Pendaratan balon udara telah dilakukan. Vivian dan sang pilot berusaha menggendong bu Sophia. Salah seorang teman dari sang pilot segera menelpon ambulance, beberapa menit kemudian mobil ambulance datang, beberapa petugas segera menggendong tubuh bu Sophia untuk masuk ke dalam mobil ambulance itu. Vivian menemani mamanya di dalam mobil ambulance.
Mobil ambulance terus melaju dengan kecepatan cepat, akhirnya mobil ambulance itu tiba di depan rumah sakit, beberapa petugas segera mengeluarkan tubuh bu Sophia yang masih pinsan dari dalam mobil ambulance.
"I'm sorry, miss.
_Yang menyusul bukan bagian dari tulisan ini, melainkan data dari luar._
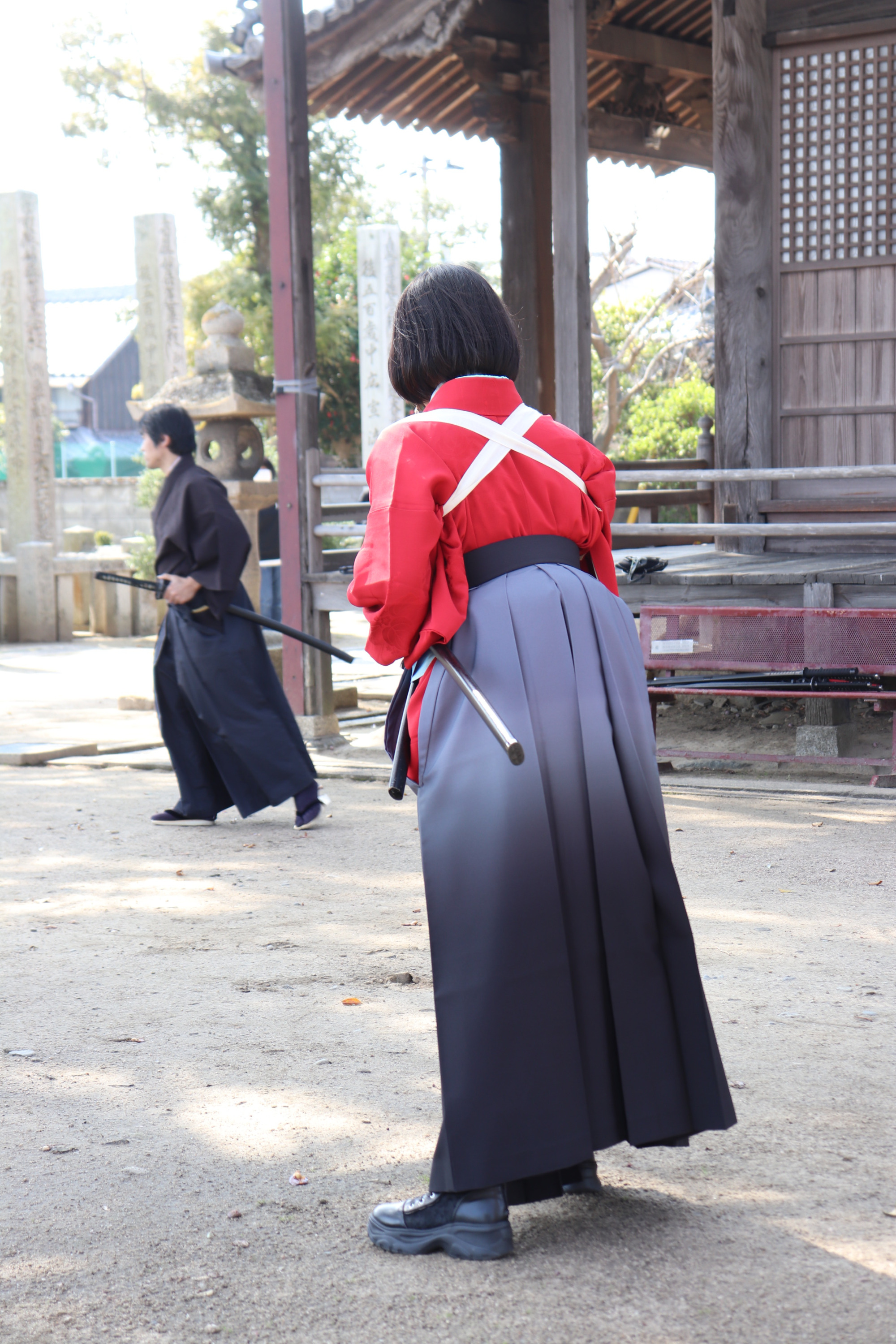 取材で訪れたプレオープンの日は、はかま着付け体験や模造刀で殺陣を体験するイベントが開催されていました。全国から参加されていて、刀剣ファンがたくさんいることにびっくりしました。皆さんお好みの着物を選び、着付けをされていました。はかまを着ると雰囲気が出て、古民家の「seppa」にもしっくりと馴染みます。

Please wait outside." ucap dokter yang menangani bu Sophia, saat hendak membawa tubuh bu Sophia ke ruangan ICU.
"Please save my mother, doctor." sahut Vivian dengan mata berkaca-kaca. Dokter itu hanya tersenyum kecil saat menatap kedua mata Vivian yang sembab oleh airmata. Tubuh bu Sophia telah di bawa masuk ke ruang ICU, dan di tangani oleh seorang dokter profesional. Vivian, duduk di sebuah kursi tunggu pasien sambil menutup wajahnya dengan kedua tangannya. Vivian merasa bersalah dengan segala yang terjadi dengan mamanya.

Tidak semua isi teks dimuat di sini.